--- THE DATA Enclosed Below ---

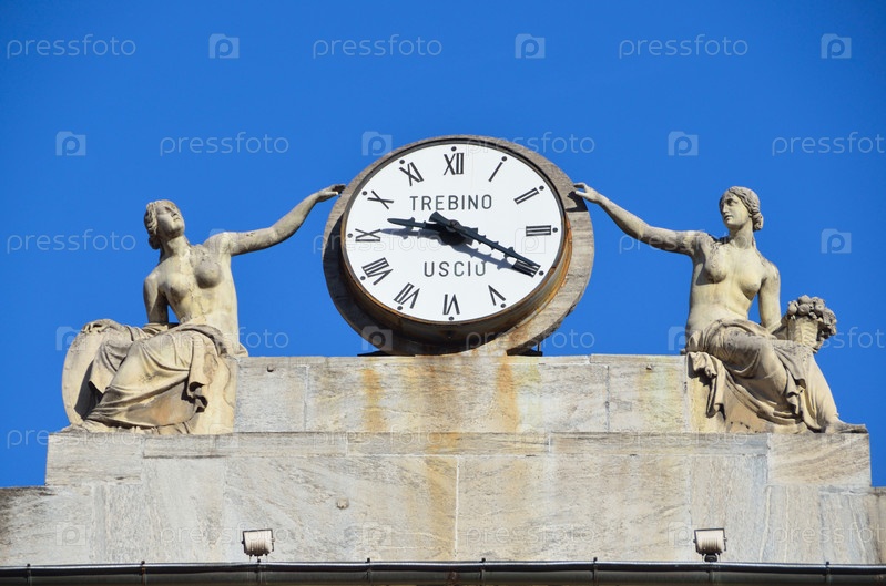 Италия, город Аоста. Часы на здании муниципалитета
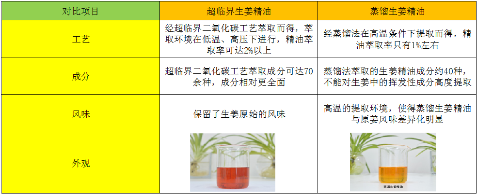 超临界二氧化碳萃取法:以高压液体作为萃取溶剂,在高压、常温的条件下,以二氧化碳为超临界流体,把姜中的姜油萃取出来,然后将携带有姜油的二氧化碳流体经过由超临界状态的相转变,从而将姜油释放出来,从而达到萃取生姜油的目的。
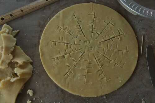 Mientras tanto, estirar su otro disco. Cortar un círculo de 9 1/2". Usé un protector de corteza de pastel (utilizado en la cocción para evitar quemar los bordes) como una guía. Mantener sobre un margen de pulgada del borde, utilice un cuchillo o navaja de afeitar limpia hacer doce cortes hacia, pero no todo el camino a la mitad. Un transportador es útil para esto. Ahora para los 1s y 0s. Aquí están las conversiones de ASCII a binario:
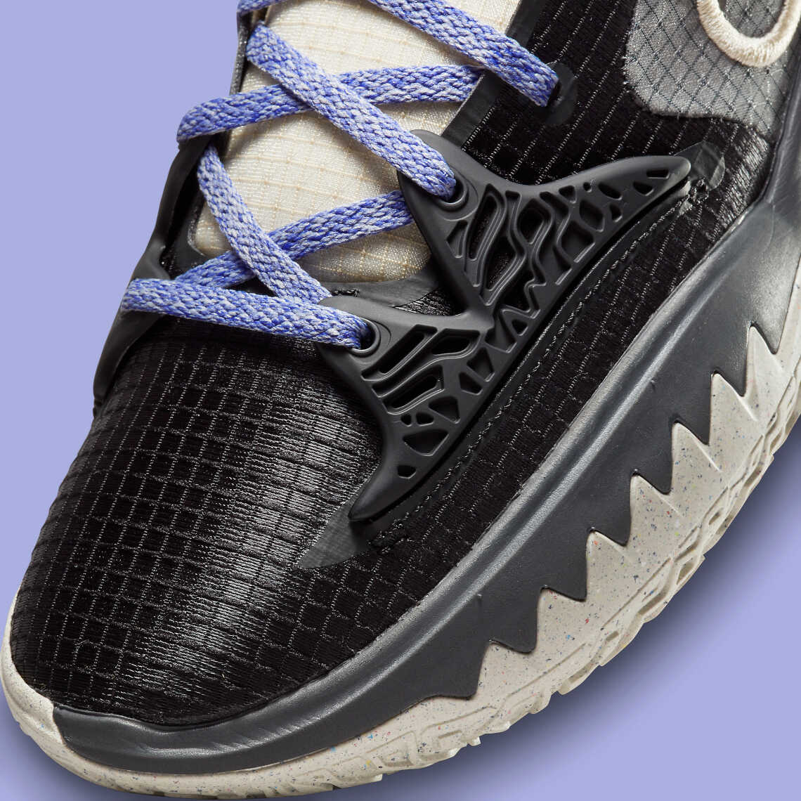 Phân dây giày sự dụng phối màu Violet Purple ma mị tạo điểm nhấn trên phần Upper tưởng chừng như đơn giản nhưng lại vô cùng nổi bật. Bên cạnh đấy, logo quen thuộc của Kyrie đem đến sự hài hòa cho tổng thể cho đôi giày khi sử dụng gam màu Xanh Dương nhẹ nhàng, dịu mắt.
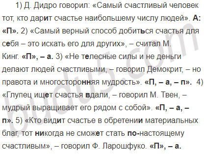 1) Самый счастливый человек тот кто дар..т счастье наибольшему числу людей. (Д. Дидро) 2) Самый верный способ добит(?)ся счастья для с..бя это искать его для других. (М. Кинг) 3) Не т..лесные силы и не деньги делают людей счастливыми но правота и многосторо(н, нн)яя мудрость. (Демокрит) 4) Глупец ищ..т счастья (в)дали мудрый выращивает его рядом с собой. (М. Твен) 5) Кто вид..т счастье в обретени.. материальных благ тот (н..)когда не смож..т стать (по)настоящему счастливым. (Ф. Ларошфуко)
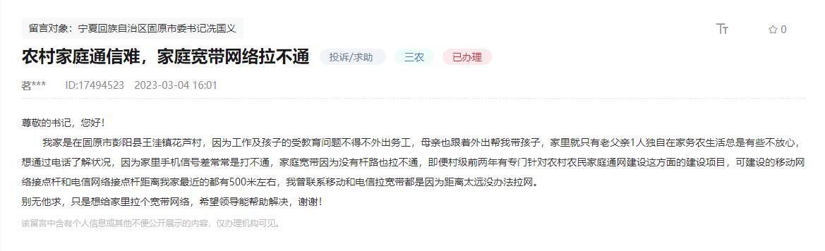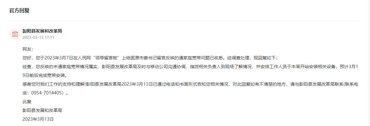 針對該留言,彭陽縣發展和改革局作出公開回復,經查,該網友所反映的未通家庭寬帶情況屬實,彭陽縣發展改革局及時與移動公司溝通協調,指派相關負責人到現場了解情況,并安排工作人員安裝相關設備,預計3月19日前后完成寬帶安裝。 ?
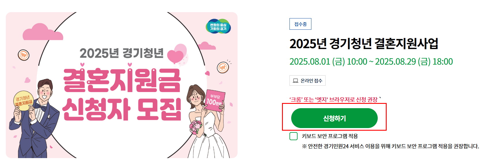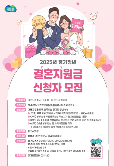2025년에도 경기 청년 결혼지원금 신청이 시작되었습니다.

--- End of Enclosed THE DATA ---

EXERCISE DIRECTIONS = Repeat exactly the lines from the one holding "1) Самый счастливый" through the last line of the entries, both included; the pictures do not belong in the copy.

EXPECTED ANSWER =
 1) Самый счастливый человек тот кто дар..т счастье наибольшему числу людей. (Д. Дидро) 2) Самый верный способ добит(?)ся счастья для с..бя это искать его для других. (М. Кинг) 3) Не т..лесные силы и не деньги делают людей счастливыми но правота и многосторо(н, нн)яя мудрость. (Демокрит) 4) Глупец ищ..т счастья (в)дали мудрый выращивает его рядом с собой. (М. Твен) 5) Кто вид..т счастье в обретени.. материальных благ тот (н..)когда не смож..т стать (по)настоящему счастливым. (Ф. Ларошфуко)
 針對該留言,彭陽縣發展和改革局作出公開回復,經查,該網友所反映的未通家庭寬帶情況屬實,彭陽縣發展改革局及時與移動公司溝通協調,指派相關負責人到現場了解情況,并安排工作人員安裝相關設備,預計3月19日前后完成寬帶安裝。 ?
2025년에도 경기 청년 결혼지원금 신청이 시작되었습니다.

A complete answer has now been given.